* _Data provided_:
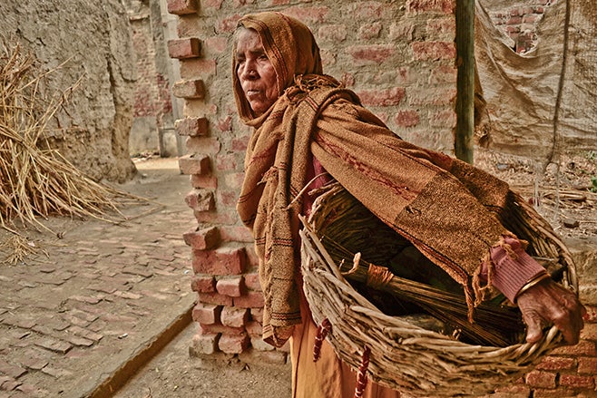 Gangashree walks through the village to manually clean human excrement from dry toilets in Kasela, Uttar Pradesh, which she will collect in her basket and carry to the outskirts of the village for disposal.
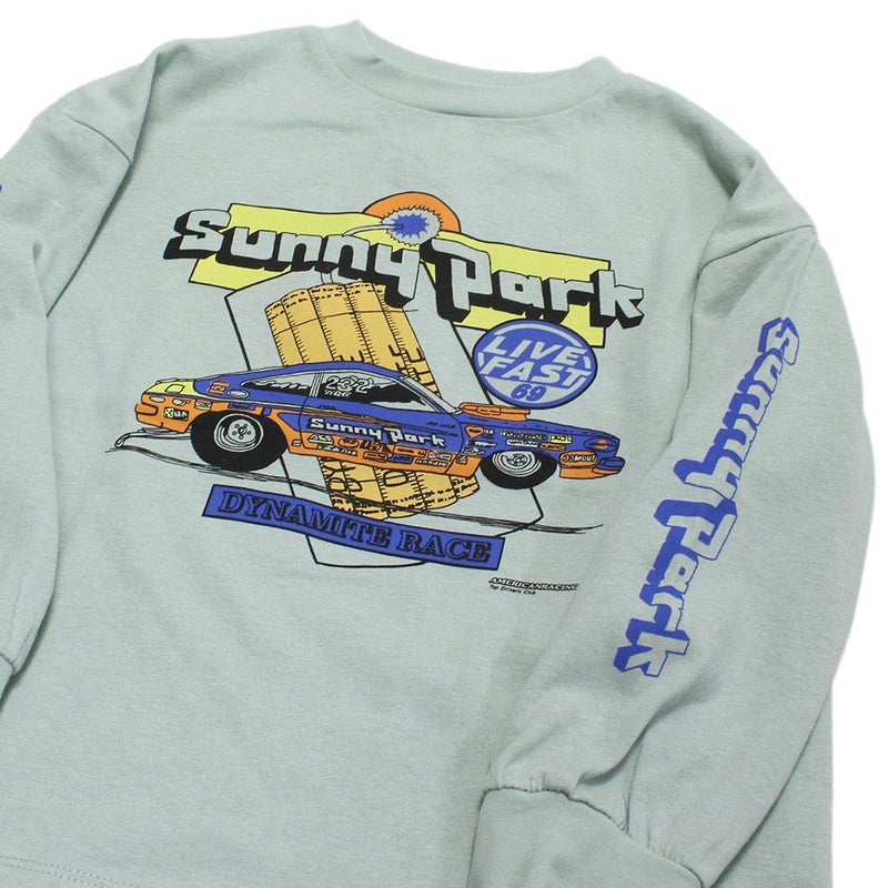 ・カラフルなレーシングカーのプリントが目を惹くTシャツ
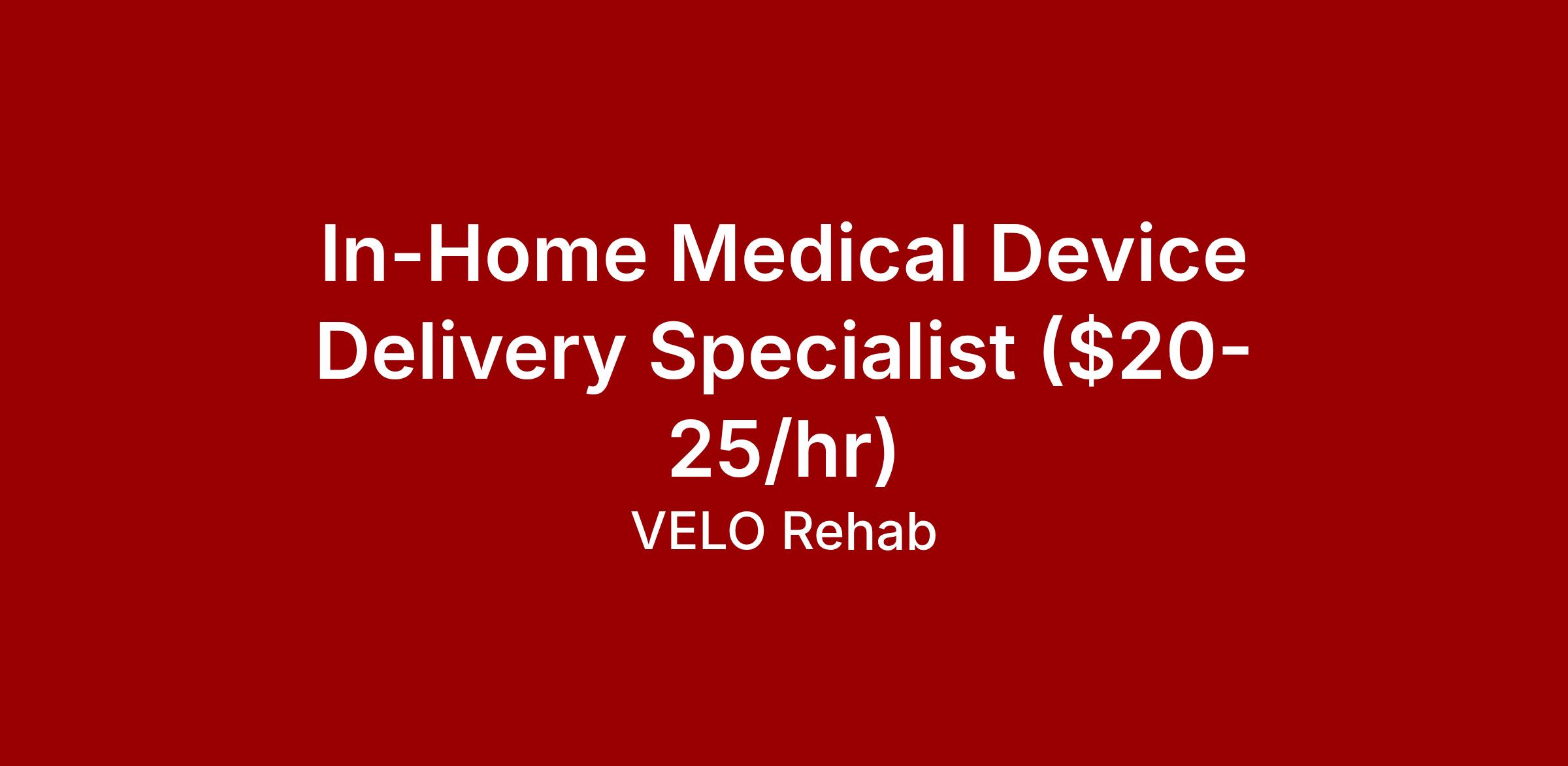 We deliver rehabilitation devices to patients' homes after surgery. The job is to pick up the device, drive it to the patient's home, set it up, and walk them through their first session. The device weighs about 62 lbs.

* _Problem details_:
Transcribe the listing in full. Omit the pictures and keep every line exact.

* _Exercise solution_:
 Gangashree walks through the village to manually clean human excrement from dry toilets in Kasela, Uttar Pradesh, which she will collect in her basket and carry to the outskirts of the village for disposal.
 ・カラフルなレーシングカーのプリントが目を惹くTシャツ
 We deliver rehabilitation devices to patients' homes after surgery. The job is to pick up the device, drive it to the patient's home, set it up, and walk them through their first session. The device weighs about 62 lbs.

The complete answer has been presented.